Cloud Security

Cloud Cost Security: Preventing Cryptomining and Unexpected Bills

How attackers abuse compromised cloud accounts for cryptomining and other compute abuse — how to detect anomalous usage, set billing alerts, and use GuardDuty to catch cryptomining campaigns early.

November 15, 20258 min readShipSafer Team

In February 2020, a researcher discovered that Tesla's AWS Kubernetes cluster had been compromised and was running Monero mining software. The attackers had exploited an exposed Kubernetes dashboard to gain access, then used the cluster's compute capacity for cryptomining. The cluster's configuration minimized the cost impact, but the attack could have run up hundreds of thousands of dollars in compute charges.

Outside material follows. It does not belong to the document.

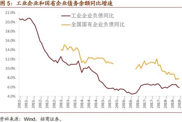 在分析非金融企业时,我们建议将其分解为两个部分:一是市场化程度比较高的部分,可以用工业企业数据进行较好的拟合;二是僵尸企业,所谓“僵”指的是负债对于盈利的反应僵化,可以用国有企业数据进行较好的拟合。图5的数据显示,本轮工业企业去杠杆始于2011年中期,其债务余额同比增速从2011年中的20%降至2016年7月份的4.5%,有比较明显的出清。而随着供给的减少,2016年初工业企业盈利开始持续好转,并引发了此后杠杆的增加,2017年4月工业企业负债同比增速升至6.7%;在工业企业加杠杆的过程中,伴随着制造业投资和民间的恢复,对中国经济形成了一定程度上的支持。但最新的数据显示,2017年4月至今,工业企业加杠杆似有触顶回落的迹象,这与2017年一季度其盈利见顶相符。2018年10月工业企业利润同比增长3.6%,低于前值4.1%;虽然工业企业利润率和毛利率均是2011年以来同期的最高水平,但资产周转率是2011年以来同期的最低水平。从负债的角度,10月工业企业负债余额同比增长5.9%,低于前值6.1%。根据现有的数据,我们认为PPI同比增速后续将继续震荡下行,与此相应,工业企业利润将边际恶化,负债增速将进一步下行。对于国有企业而言,2013年有数据至2017年11月之间,剔除掉一段不可比的部分,其债务余额同比增速在绝大多数时间里稳定在10%-15%之间,2017年底以来,该数据出现明显下降,9月末降至7.9%,略高于前值7.6%(历史最低水平)。若该数据在未来继续下行,我们则相信本届政府在第二任期内,在去僵尸企业杠杆和国有企业改革方面,会有一些实质性的推进,对照工业企业数据,国有企业负债同比增速或需降至5%左右才能实现出清。我们预计,在到2019年中左右的时间里,非金融企业中市场化程度比较高的部分难言加杠杆,僵尸企业会去杠杆,合并来看,非金融企业就是去杠杆的状态。关注由此带来的信用风险释放和信用利差重估,事实上2017年底以来,中国的信用利差似乎逐步恢复了与10年国债收益率逆向相关的正常走势,为4万亿之后首见。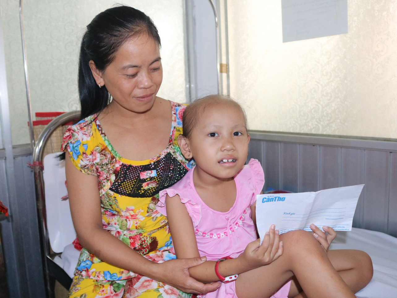 (CTO) - Phóng viên Báo Cần Thơ vừa đến thăm và trao 1,6 triệu đồng cho bé Trần Thị Trinh, bị ung thư buồng trứng, đang điều trị tại Bệnh viện Ung bướu TP Cần Thơ (xem bài "Xót lòng bé 7 tuổi bị ung thư buồng trứng" trên Báo Cần Thơ (báo in, ra ngày 3-5-2019)). Số tiền trên do bạn đọc Nguyễn Bá Khương gởi tặng 1.000.000 đồng, bốn bạn đọc không nêu tên gởi tặng 600.000 đồng.

Cloud accounts are increasingly valuable targets for cryptomining because they offer nearly unlimited compute capacity, can be billed to the victim, and the mining operation can remain profitable even after detection if the attacker can move to a new account or region.

How Cryptomining Attacks Work

Initial Access Methods

Exposed Credentials

The most common entry point is exposed AWS access keys or GCP service account keys. These leak through:

  • Code committed to public GitHub repositories
  • Hardcoded in environment variables logged by CI/CD systems
  • Left in Docker images published to Docker Hub
  • Exposed in .env files committed to public repos

Automated scanners like TroveHog, gitleaks, and purpose-built credential harvesters continuously monitor GitHub and Docker Hub for cloud credentials. A leaked key can be abused within minutes of appearing in a public repository.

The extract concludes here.